*Work item*. Would you please transcribe the records below exactly, leaving out the pictures?
------------------------------------------------------------------------
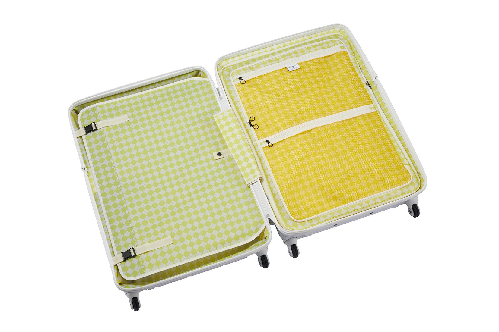 内装と付属のポケッタブルトートと内装に〈クロスフラワー〉模様を採用しました。クロス型の花モチーフが「360G4」のリブデザインとリンクします。
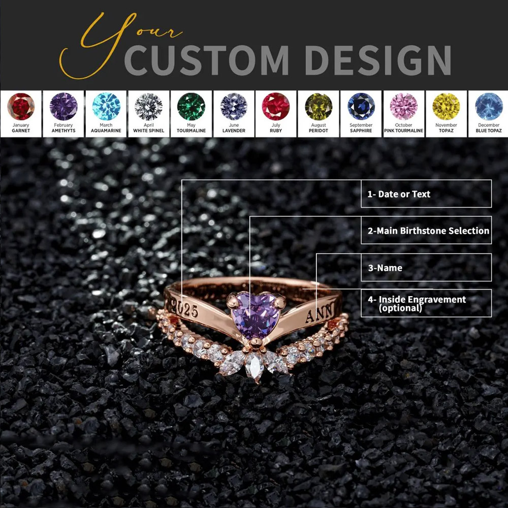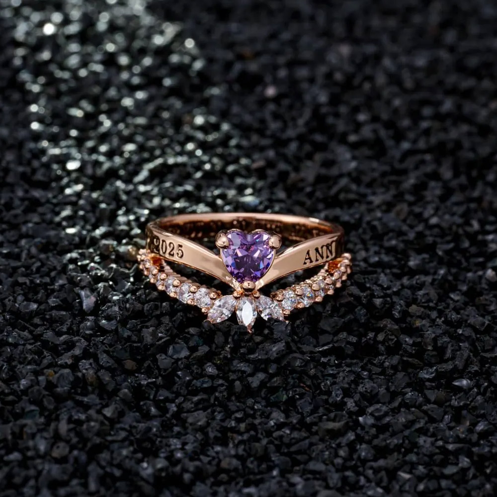Elegant Graduation Bouquet — A graceful heart-shaped birthstone sits at the center, flanked by delicate floral motifs and sparkling accent stones. The band curves like a wreath of honor, symbolizing achievement and new beginnings. Every detail is crafted to reflect pride, hope, and personal significance.
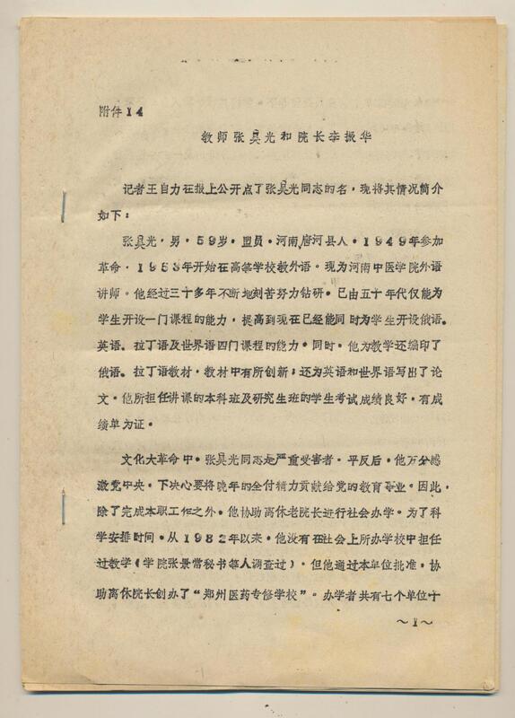 1986年6月24日郑州医药专修学校“关于张昊光协助前院长李振华办学的情况反应”
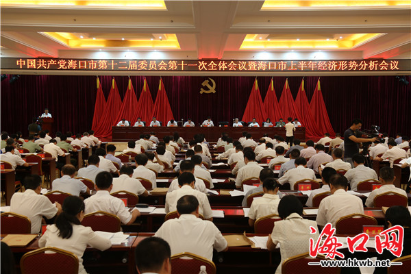 海口网7月27日消息(记者林韦玮 摄影报道)7月27日上午,中共海口市委十二届十一次全会暨全市上半年经济形势分析会议在市第二行政办公区召开。会议号召全市上下要把思想和行动高度统一到中央的决策部署上来,在省委的坚强领导下,团结拼搏、乘胜前进,不断激发改革活力、创新动能、奋进勇气,坚决打赢供给侧结构性改革攻坚战,全力以赴完成全年各项目标任务,为率先在全省全面建成小康社会不懈奋斗。
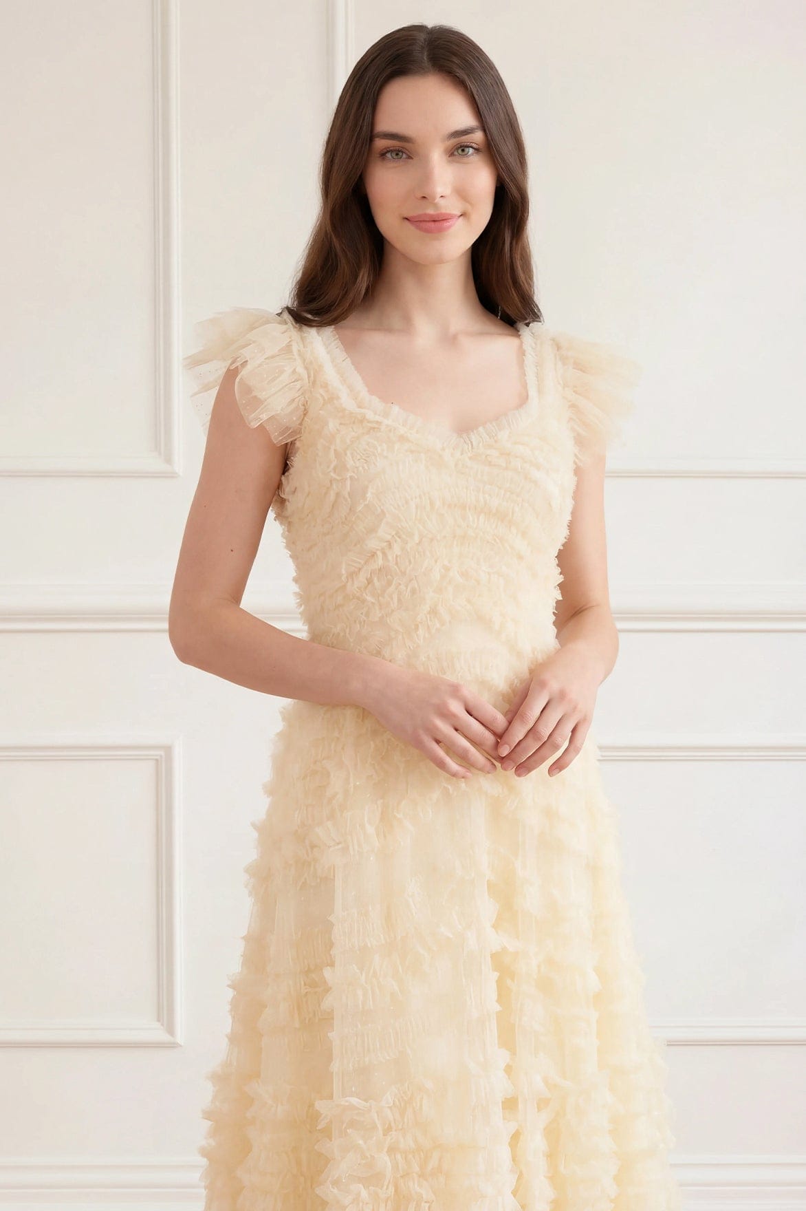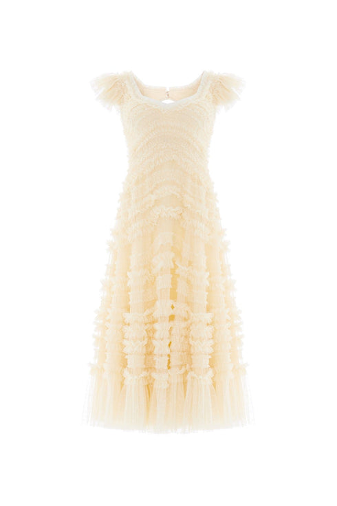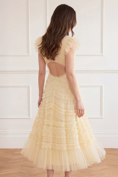 NEW SEASON | NEEDLE & THREAD EXCLUSIVE. The Amara Backless Ballerina Dress in Lemon Sorbet. Inspired by dreamlike English gardens featuring softly curved ruffle bands flowing across the body and into a voluminous ballerina-length skirt. Designed with a statement open back and signature frothy frilled shoulders, this silhouette moves beautifully with every step.
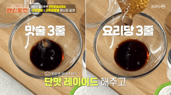 9. 맛술 3줄, 요리당 3줄을 넣습니다.
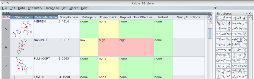 into a .sdf I let DataWarrior screen the structures for a few characteristics.
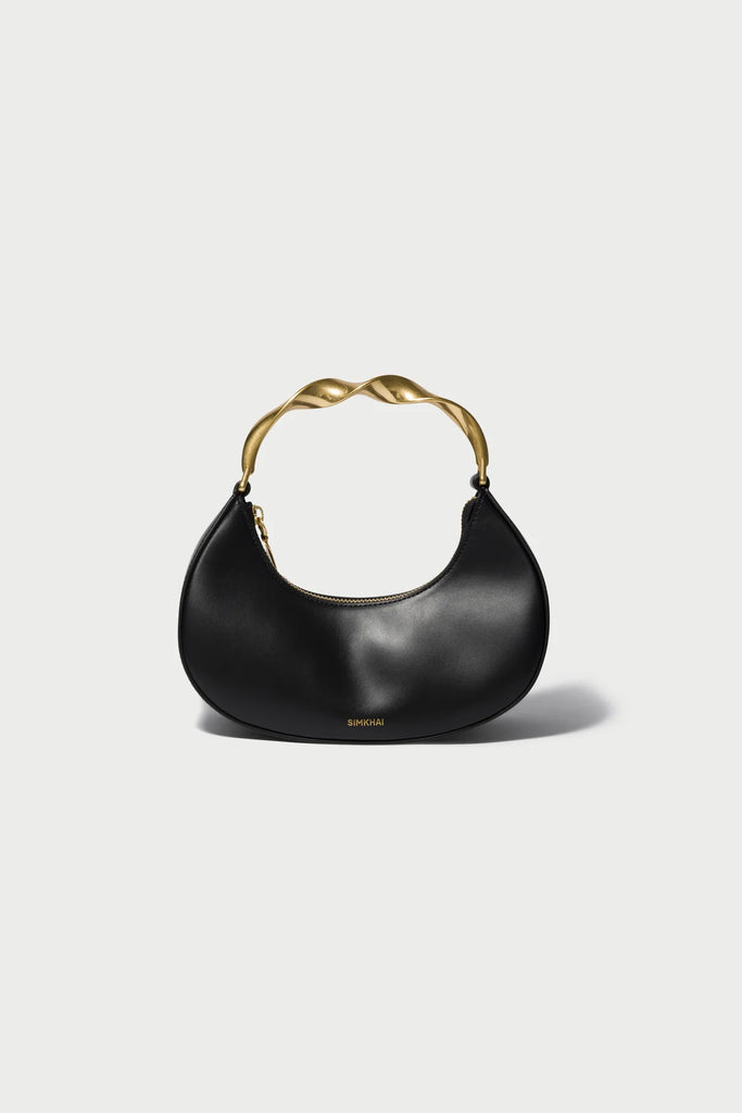 The Nixi Hobo Bag in Black. Showcasing a twisted handle atop a seamless, rounded silhouette, this handbag marries art with utility, creating an accessory that complements both casual and sophisticated styles.
------------------------------------------------------------------------
*The completed task*.
 内装と付属のポケッタブルトートと内装に〈クロスフラワー〉模様を採用しました。クロス型の花モチーフが「360G4」のリブデザインとリンクします。
Elegant Graduation Bouquet — A graceful heart-shaped birthstone sits at the center, flanked by delicate floral motifs and sparkling accent stones. The band curves like a wreath of honor, symbolizing achievement and new beginnings. Every detail is crafted to reflect pride, hope, and personal significance.
 1986年6月24日郑州医药专修学校“关于张昊光协助前院长李振华办学的情况反应”
 海口网7月27日消息(记者林韦玮 摄影报道)7月27日上午,中共海口市委十二届十一次全会暨全市上半年经济形势分析会议在市第二行政办公区召开。会议号召全市上下要把思想和行动高度统一到中央的决策部署上来,在省委的坚强领导下,团结拼搏、乘胜前进,不断激发改革活力、创新动能、奋进勇气,坚决打赢供给侧结构性改革攻坚战,全力以赴完成全年各项目标任务,为率先在全省全面建成小康社会不懈奋斗。
 NEW SEASON | NEEDLE & THREAD EXCLUSIVE. The Amara Backless Ballerina Dress in Lemon Sorbet. Inspired by dreamlike English gardens featuring softly curved ruffle bands flowing across the body and into a voluminous ballerina-length skirt. Designed with a statement open back and signature frothy frilled shoulders, this silhouette moves beautifully with every step.
 9. 맛술 3줄, 요리당 3줄을 넣습니다.
 into a .sdf I let DataWarrior screen the structures for a few characteristics.
 The Nixi Hobo Bag in Black. Showcasing a twisted handle atop a seamless, rounded silhouette, this handbag marries art with utility, creating an accessory that complements both casual and sophisticated styles.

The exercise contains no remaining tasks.